1	`# mount /dev/sda1 /storage`

At this point, the filesystem is ready to absorb some new files. Let's pretend that we're running a virtual machine (VM) farm and therefore need to manage deployment images. This and the next example are admittedly contrived, as any serious VM and container farm manager takes care of all these details.

# mkdir /storage/images

# truncate -s 30g /storage/images/os8_base.img

# qemu-system-x86_64 -hda /storage/images/os8_base.img -cdrom /isoz/os8_install.iso

Now we install a base OS image that we will later use for fast deployment. Once that's done, we shut down the QEMU process. But first, we'll check that everything's in order:

# xfs_bmap -e -l -p -v -v -v /storage/images/os8_base.img

/storage/images/os8_base.img:

EXT: FILE-OFFSET BLOCK-RANGE AG AG-OFFSET TOTAL FLAGS

0: [0..15728639]: 52428960..68157599 1 (160..15728799) 15728640 000000

<listing shortened for brevity>

# df -h /storage

Filesystem Size Used Avail Use% Mounted on

/dev/sda1 100G 32G 68G 32% /storage

Now, let's say that we want to provision a new VM using the base image that we just created. In the old days we would have had to copy the entire image, which can be very time consuming. Now, we can do this very quickly:

# /usr/bin/time cp -pRdu --reflink /storage/images/os8_base.img /storage/images/vm1.img

0.00user 0.00system 0:00.02elapsed 39%CPU (0avgtext+0avgdata 2568maxresident)k

0inputs+0outputs (0major+108minor)pagefaults 0swaps

# xfs_bmap -e -l -p -v -v -v /storage/images/vm1.img

/storage/images/vm1.img:

EXT: FILE-OFFSET BLOCK-RANGE AG AG-OFFSET TOTAL FLAGS

0: [0..15728639]: 52428960..68157599 1 (160..15728799) 15728640 100000

<listing shortened for brevity>

FLAG Values:

0100000 Shared extent

0010000 Unwritten preallocated extent

0001000 Doesn't begin on stripe unit

0000100 Doesn't end on stripe unit

0000010 Doesn't begin on stripe width

0000001 Doesn't end on stripe width

# df -h /storage

Filesystem Size Used Avail Use% Mounted on

/dev/sda1 100G 32G 68G 32% /storage

This was a very quick copy!

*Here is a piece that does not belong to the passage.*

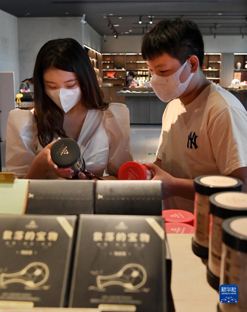 5月17日,两位参观者在河南博物院文创商店内挑选考古盲盒。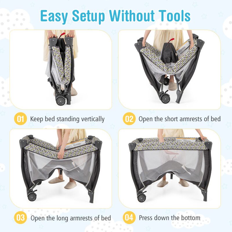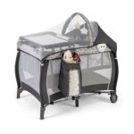 The Portable 4-in-1 Baby Nursery Center Travel Crib is a versatile solution designed to cater to the various needs of your growing baby. This multifunctional nursery center serves as an infant bed complete with a canopy and net, a cozy baby bassinet, a convenient changing table, and an interactive baby playard. The removable changing table alleviates the strain on your back and waist during diaper changes, making it a practical addition to any nursery or travel setup. With its thoughtful design, this nursery center ensures that you have everything you need at your fingertips, whether at home or on the go.

Notice how the extent map on the new image file shows file data pointing to the same physical storage as the original base image, but is now marked as a shared extent, and there's about as much free space as there was before the copy. Now let's start that new VM and let it run for a little while before re-querying the block mapping:

# xfs_bmap -e -l -p -v -v -v /storage/images/os8_base.img

/storage/images/vm1.img:

EXT: FILE-OFFSET BLOCK-RANGE AG AG-OFFSET TOTAL FLAGS

0: [0..15728639]: 52428960..68157599 1 (160..15728799) 15728640 100000

<listing shortened for brevity>

# xfs_bmap -e -l -p -v -v -v /storage/images/vm1.img

/storage/images/vm1.img:

EXT: FILE-OFFSET BLOCK-RANGE AG AG-OFFSET TOTAL FLAGS

0: [0..255]: 102762656..102762911 1 (50333856..50334111) 256 000000

1: [256..15728639]: 52429216..68157599 1 (416..15728799) 15728384 100000

<listing shortened for brevity>

# df -h /storage

Filesystem Size Used Avail Use% Mounted on

/dev/sda1 100G 36G 64G 32% /storage

Notice how the first 128K of the file now points elsewhere. This is evidence that the VM guest wrote to its storage, causing XFS to employ copy on write on the file so that the original base image remains unmodified. We've apparently used another 4GB of space, which is far better than the 64GB that would have been required in the old days.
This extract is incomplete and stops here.